**RECORDS SHOWN**.
____

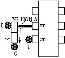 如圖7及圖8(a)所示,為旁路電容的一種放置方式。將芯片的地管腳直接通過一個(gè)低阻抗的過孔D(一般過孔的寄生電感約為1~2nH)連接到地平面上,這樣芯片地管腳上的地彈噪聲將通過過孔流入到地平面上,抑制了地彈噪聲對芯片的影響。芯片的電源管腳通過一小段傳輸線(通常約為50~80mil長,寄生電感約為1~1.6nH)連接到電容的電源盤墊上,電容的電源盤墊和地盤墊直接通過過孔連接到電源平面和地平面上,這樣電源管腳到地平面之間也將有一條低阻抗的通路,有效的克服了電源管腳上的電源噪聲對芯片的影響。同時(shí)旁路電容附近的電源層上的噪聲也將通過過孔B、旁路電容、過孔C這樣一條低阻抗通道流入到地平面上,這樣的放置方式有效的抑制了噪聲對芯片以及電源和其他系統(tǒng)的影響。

____

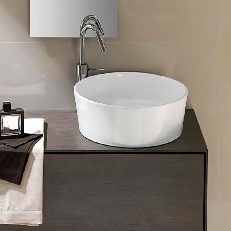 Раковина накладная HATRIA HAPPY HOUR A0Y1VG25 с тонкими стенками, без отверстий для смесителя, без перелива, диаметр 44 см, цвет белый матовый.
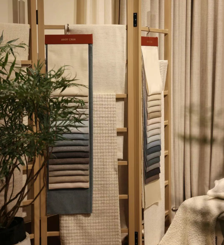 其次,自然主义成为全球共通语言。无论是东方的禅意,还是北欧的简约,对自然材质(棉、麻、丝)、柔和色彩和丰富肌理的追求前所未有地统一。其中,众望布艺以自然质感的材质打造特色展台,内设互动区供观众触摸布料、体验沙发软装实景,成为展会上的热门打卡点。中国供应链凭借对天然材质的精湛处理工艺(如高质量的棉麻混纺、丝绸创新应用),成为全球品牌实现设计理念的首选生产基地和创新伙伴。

____

**DIRECTIONS**. Working from the records above, set down word for word everything from the line containing "Раковина накладная HATRIA" down to the line containing "其次,自然主义成为全球共通语", ends included, minus the pictures.

**EXERCISE ANSWER**.
 Раковина накладная HATRIA HAPPY HOUR A0Y1VG25 с тонкими стенками, без отверстий для смесителя, без перелива, диаметр 44 см, цвет белый матовый.
 其次,自然主义成为全球共通语言。无论是东方的禅意,还是北欧的简约,对自然材质(棉、麻、丝)、柔和色彩和丰富肌理的追求前所未有地统一。其中,众望布艺以自然质感的材质打造特色展台,内设互动区供观众触摸布料、体验沙发软装实景,成为展会上的热门打卡点。中国供应链凭借对天然材质的精湛处理工艺(如高质量的棉麻混纺、丝绸创新应用),成为全球品牌实现设计理念的首选生产基地和创新伙伴。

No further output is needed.